Remember too that we aren't eliminating the use of tokens and instead will be converting back and forth to intermittently use the language space or the reasoning space, as appropriate. Sometimes the language space will be the best course of action. Sometimes the reasoning space will be the best course of action.
We can pick and choose.
A heads-up note is that as mentioned earlier, this is just a macroscopic high-level sketch to give you a semblance of what this conception consists of. There are tons more details involved.
Those of you that are wanting the AI nitty-gritty should consider reading a fascinating paper entitled "Training Large Language Models To Reason In Continuous Latent Space" by Shibo Hao, Sainbayar Sukhbaatar, DiJia Su, Xian Li, Zhiting Hu, Jason Weston, Yuandong Tian, arXiv, December 11, 2024, which made these salient points (excerpts):
I applaud these kinds of outside-the-box AI research efforts.
I'll offer a few final thoughts and then conclude.
Believe it or not, in some respects, the AI field at times is stale.
That probably seems shocking. We daily get announcements about this new AI or that new AI.
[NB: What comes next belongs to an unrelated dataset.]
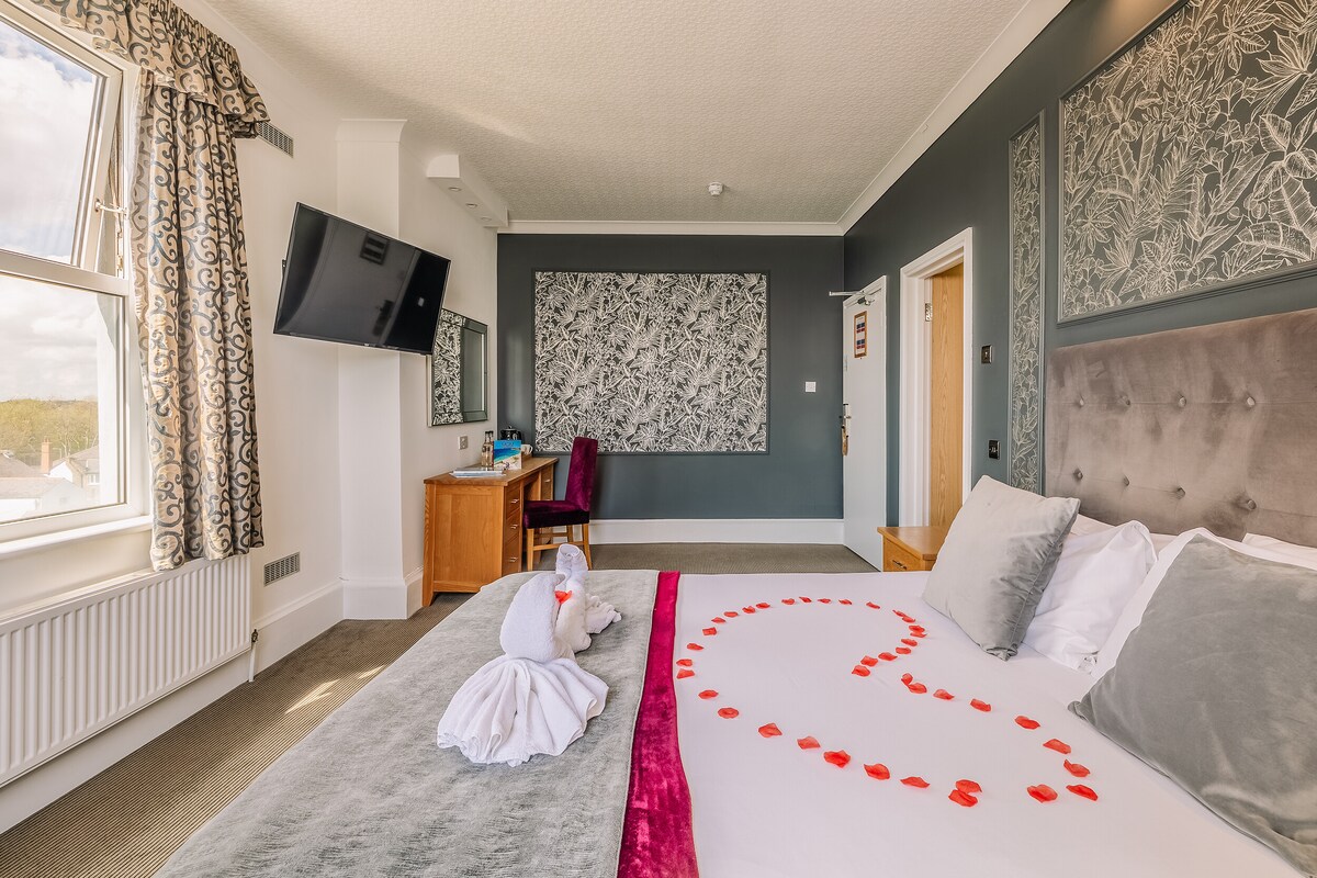 Toothbrush Rooms @ Lattice Lodge - готель зі спільними зручностями для самостійного приготування їжі. 14 спалень із суміжними кімнатами з мікрохвильовою піччю та міні-холодильником. Велика повністю обладнана спільна кухня, їдальня, вітальня з телевізором та оранжерея. Безкоштовна парковка, і у всіх номерах є смарт-телевізори та необмежений безкоштовний Wi-Fi 200 МБ. У цьому НЕВЕЛИКОМУ ДВОСПАЛЬНОМУ ліжку є двоспальне ліжко, приліжкові апартаменти, робочий стіл/стілець, приліжкові шафи, шафа з вішалками та феном. Ця кімната розташована на двох сходах і має вікно Velux для природного освітлення.

Here's the rub. We need to avoid falling into a mental trap of doing the same things over and over. To some degree, I liken this to the movie business. Having built lots of AI systems for the entertainment industry, one aspect I observed overall is the willingness to keep producing movies that are part of the mainstream. There is immense risk aversion at hand, including not venturing readily toward independent films or taking chances on creative plots.
Don't let AI become stagnant in the sense of dogmatically pursuing AI in only one particular way. Put all options on the chalkboard. Continuously evaluate and reassess. Try new things.
I am reminded of a famous remark by Albert Einstein: "We cannot get to where we dream of being tomorrow unless we change our thinking today."
A truism worthy of tokenizing and thoughtfully processing on a continuous basis.